Data to examine:
______
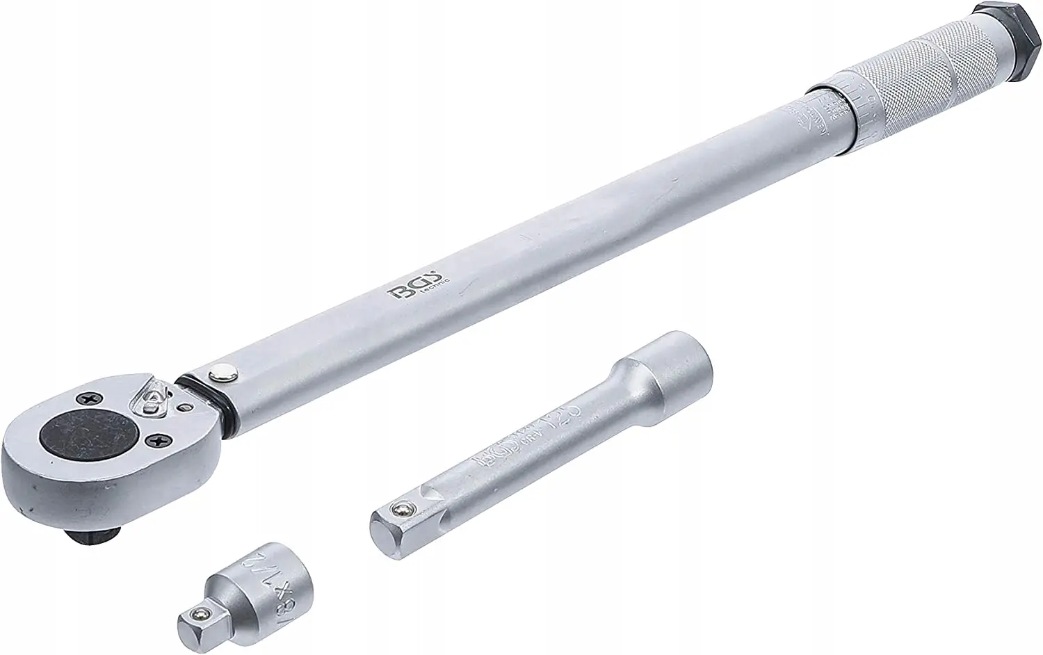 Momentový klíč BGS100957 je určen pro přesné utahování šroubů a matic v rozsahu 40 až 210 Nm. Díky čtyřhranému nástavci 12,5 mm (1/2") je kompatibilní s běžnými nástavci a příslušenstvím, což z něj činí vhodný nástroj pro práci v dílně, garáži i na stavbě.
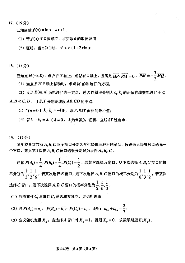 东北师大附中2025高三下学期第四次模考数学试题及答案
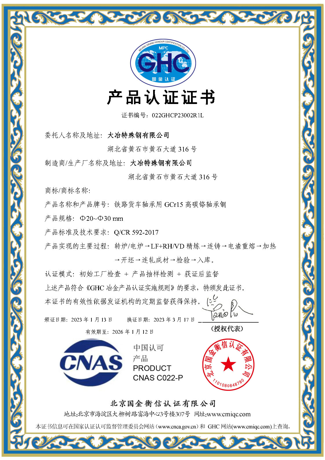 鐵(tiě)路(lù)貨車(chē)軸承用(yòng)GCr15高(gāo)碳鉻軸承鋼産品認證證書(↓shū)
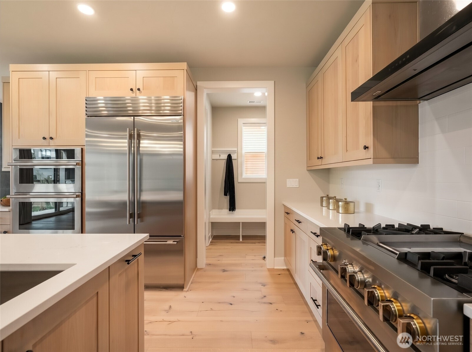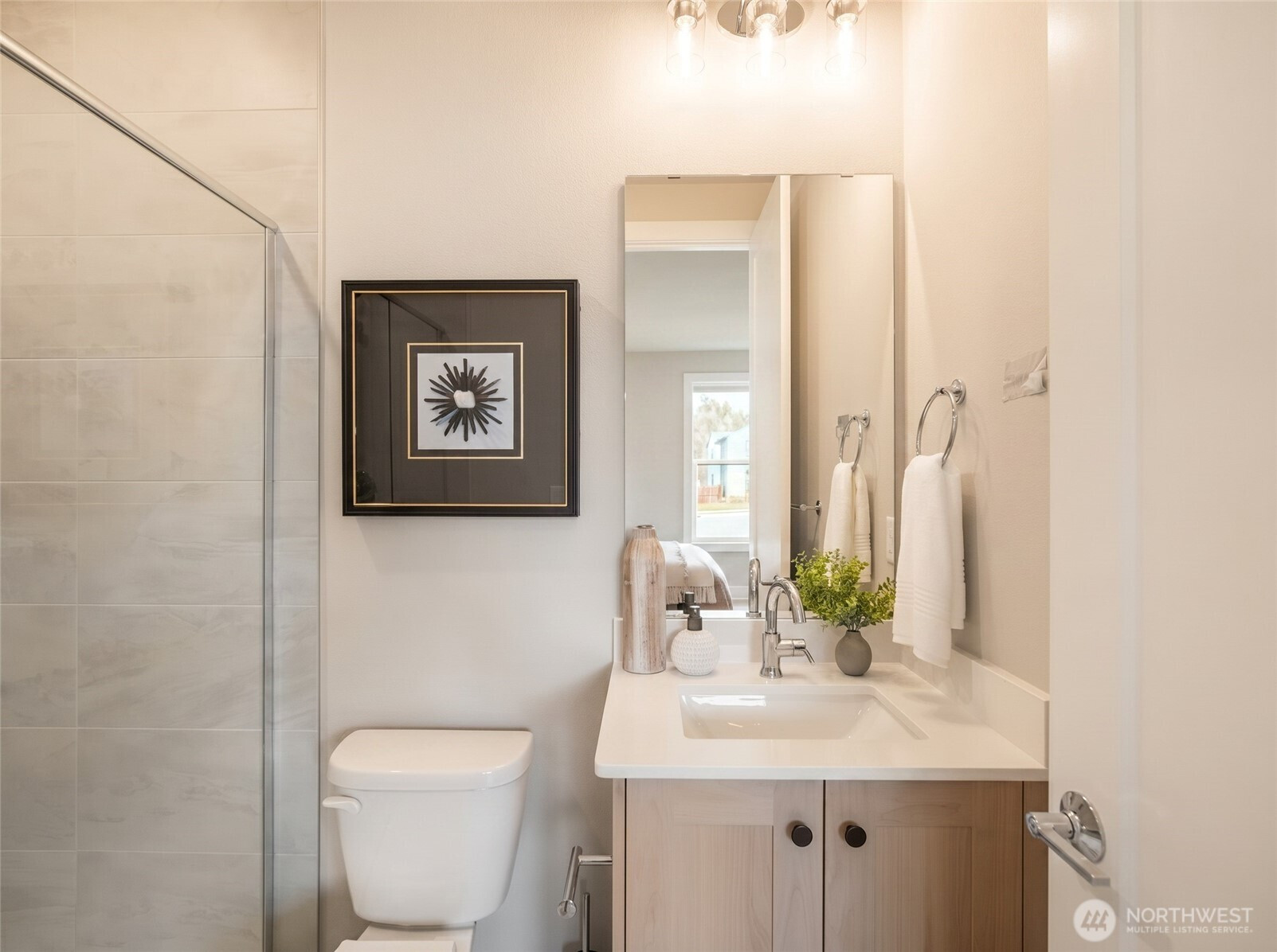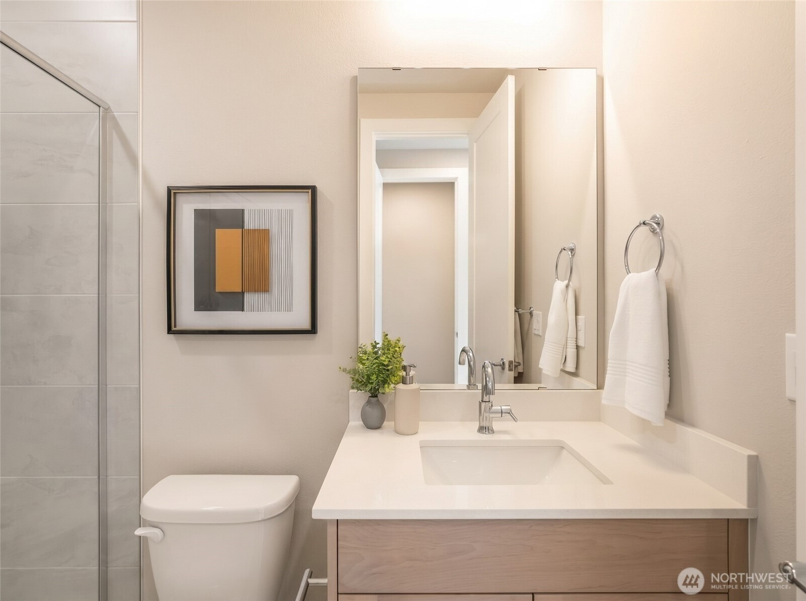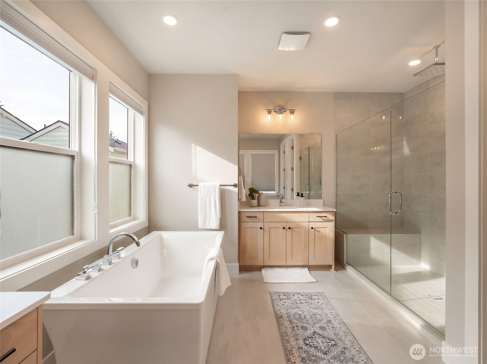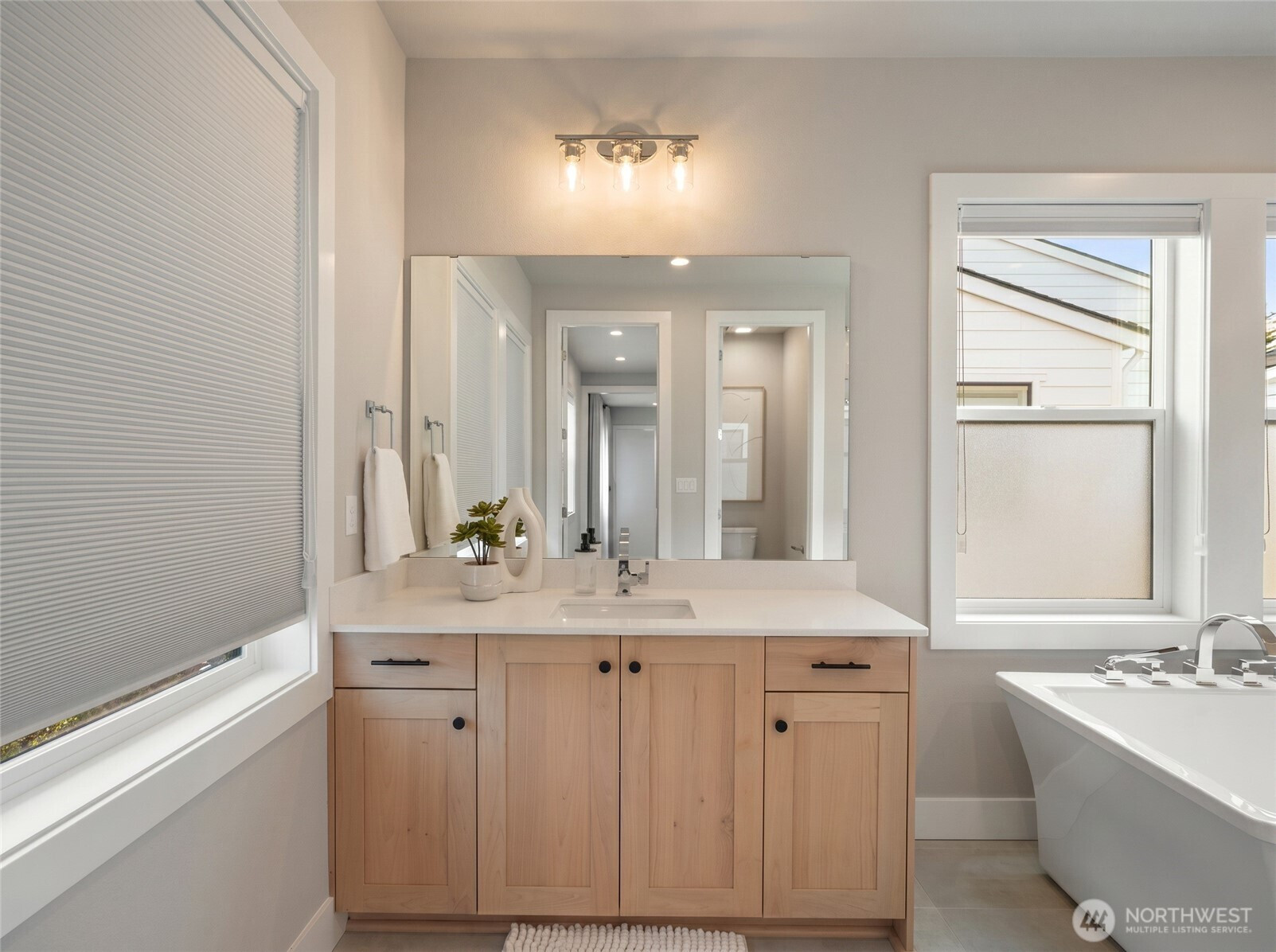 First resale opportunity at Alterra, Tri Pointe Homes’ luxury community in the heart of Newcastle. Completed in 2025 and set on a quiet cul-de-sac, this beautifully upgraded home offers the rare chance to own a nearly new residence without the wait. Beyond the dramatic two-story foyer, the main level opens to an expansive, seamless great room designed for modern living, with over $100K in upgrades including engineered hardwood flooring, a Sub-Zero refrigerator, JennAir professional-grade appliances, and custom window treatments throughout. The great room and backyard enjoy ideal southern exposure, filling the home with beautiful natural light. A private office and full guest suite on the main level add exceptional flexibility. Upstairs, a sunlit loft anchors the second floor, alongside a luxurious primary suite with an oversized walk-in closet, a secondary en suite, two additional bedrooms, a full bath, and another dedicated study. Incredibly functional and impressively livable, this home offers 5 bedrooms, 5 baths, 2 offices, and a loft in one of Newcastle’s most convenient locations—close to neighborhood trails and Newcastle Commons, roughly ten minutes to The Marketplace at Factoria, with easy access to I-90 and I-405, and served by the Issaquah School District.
______
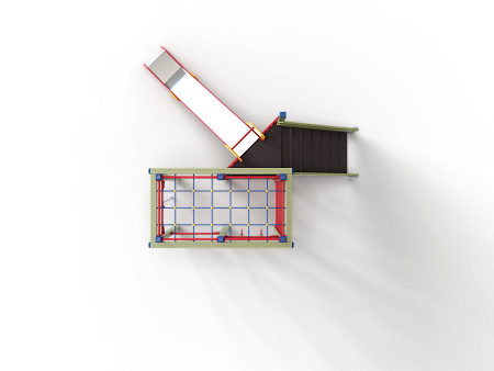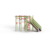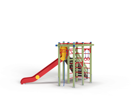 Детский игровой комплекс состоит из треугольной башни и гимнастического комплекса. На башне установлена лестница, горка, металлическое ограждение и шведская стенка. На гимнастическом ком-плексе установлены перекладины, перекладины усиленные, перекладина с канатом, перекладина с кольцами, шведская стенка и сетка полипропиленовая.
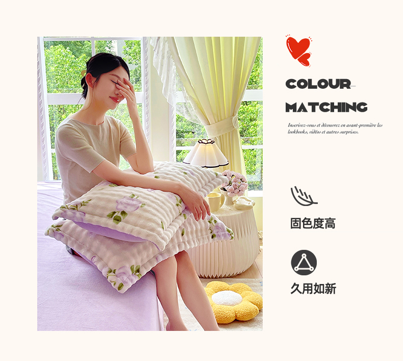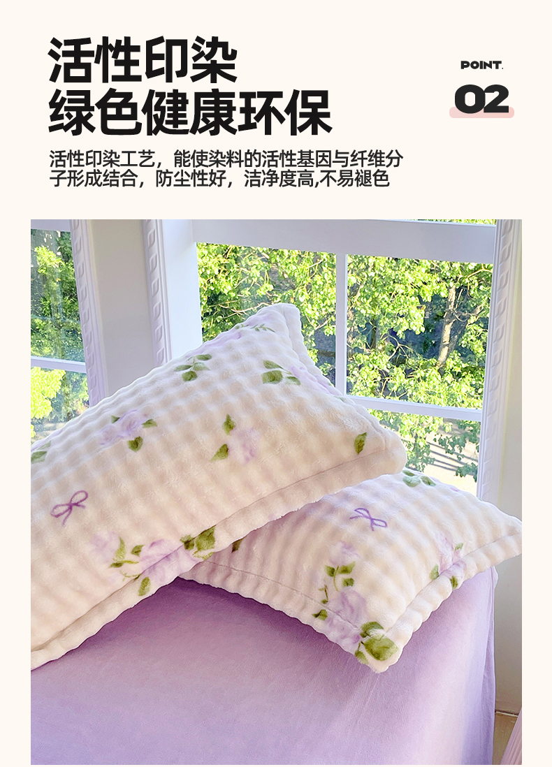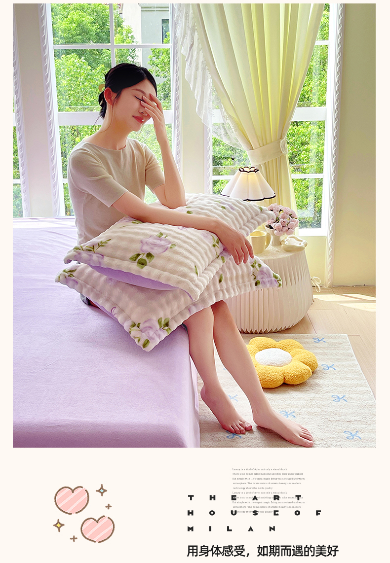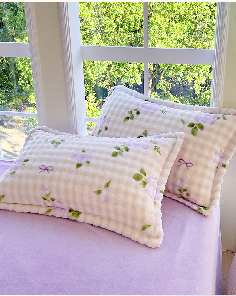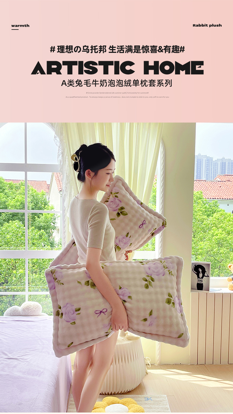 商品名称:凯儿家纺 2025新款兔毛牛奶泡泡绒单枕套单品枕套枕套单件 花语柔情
______
Assigned task:
Whatever pictures the records hold, omit them; give again exactly the lines from the one containing "Momentový klíč BGS100957" through the one containing "鐵(tiě)路(lù)貨車(chē)軸承".

Your solution:
 Momentový klíč BGS100957 je určen pro přesné utahování šroubů a matic v rozsahu 40 až 210 Nm. Díky čtyřhranému nástavci 12,5 mm (1/2") je kompatibilní s běžnými nástavci a příslušenstvím, což z něj činí vhodný nástroj pro práci v dílně, garáži i na stavbě.
 东北师大附中2025高三下学期第四次模考数学试题及答案
 鐵(tiě)路(lù)貨車(chē)軸承用(yòng)GCr15高(gāo)碳鉻軸承鋼産品認證證書(↓shū)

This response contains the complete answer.